Biała Gwiazda notuje różne występy, ale w ważnych chwilach potrafi się zmobilizować. Tak było choćby przy okazji turnieju finałowego Pucharu Polski, kiedy po dotkliwej porażce we Włoszech przyjechała pod Wawel i wywalczyła główne trofeum.
Najbliższemu starciu również przyświeca wysoka ranga. W przypadku wygranej krakowianki otrzymają promocję do rozgrywek EuroCup, gdzie od razu wystąpią na poziomie półfinału. To swego rodzaju nagroda pocieszenia przy braku obecności w play-off Euroligi, niemniej wobec bardzo mocnej konkurencji obecny scenariusz wydaje się całkiem korzystny.

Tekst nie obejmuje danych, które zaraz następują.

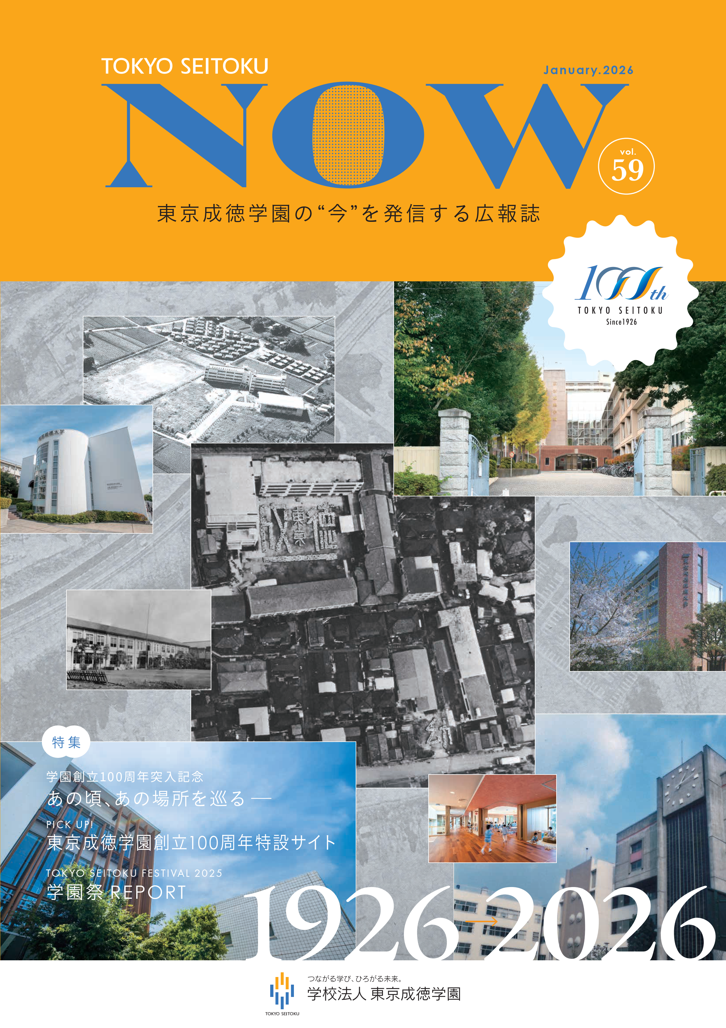 学園広報誌『TOKYO SEITOKU NOW』Vol.59を2026年1月に発行しました。今号では、2026年の学園創立100周年突入記念「あの頃、あの場所を巡る!TOKYO SEITOKU 1926-2026」として、学園の軌跡を懐かしい写真とともにたどる特集企画を掲載。東京成徳100年の歴史を今昔写真で振り返ります。

Za wiślaczkami przemawia fakt, iż do gry wróciły już wszystkie zawodniczki poza Małgorzatą Misiuk. Dzięki temu sztab szkoleniowy dysponuje dość szeroką rotacją, a ciekawie wygląda zwłaszcza zestawienie pod koszem Eweliny Kobryn oraz Vanessy Gidden. Obie mogą wykonać kawał pożytecznej pracy. Dodatkowo, po dłuższej przerwie znów rywalizuje Claudia Pop, zwiększając siłę na obwodzie.
W tureckiej ekipie małopolskich akcentów nie brakuje. Czołową postacią jest była środkowa Wisły, Gintare Petronyte. Wśród nowych wzmocnień natomiast od razu zauważa się Farhiyę Abdi, która również z powodzeniem broniła barw uczestnika ekstraklasy. Przyjście tej drugiej sprawiło, że team z Mersin zyskał pod względem koszykarskiego potencjału. Być może podopieczne Jose Ignacio Hernandeza czeka trudniejsze zadanie aniżeli w rundzie pierwszej.
ZOBACZ WIDEO Natalia Partyka: medale paraolimpijskie już mam, czas na medal IO zawodowców
Jeżeli udałoby się zwyciężyć, przygoda z pucharami zostanie przedłużona. Podobny los czeka również kogoś z dwójki Basket Lattes Montpellier i Famila Schio. Notabene z Francuzkami odbędzie się następne starcie euroligowe przy Reymonta.
Ewentualny sukces w Turcji dodatkowo podbudowałby morale kolektywu przed nadchodzącym bojem w Toruniu, gdzie czeka głodna triumfów Energa. A warto przypomnieć, że Wisła Can Pack ma się o co bić. Niedawno utraciła prowadzenie w tabeli na rzecz Ślęzy Wrocław.
Początek meczu w środę o godzinie 16:30 czasu polskiego.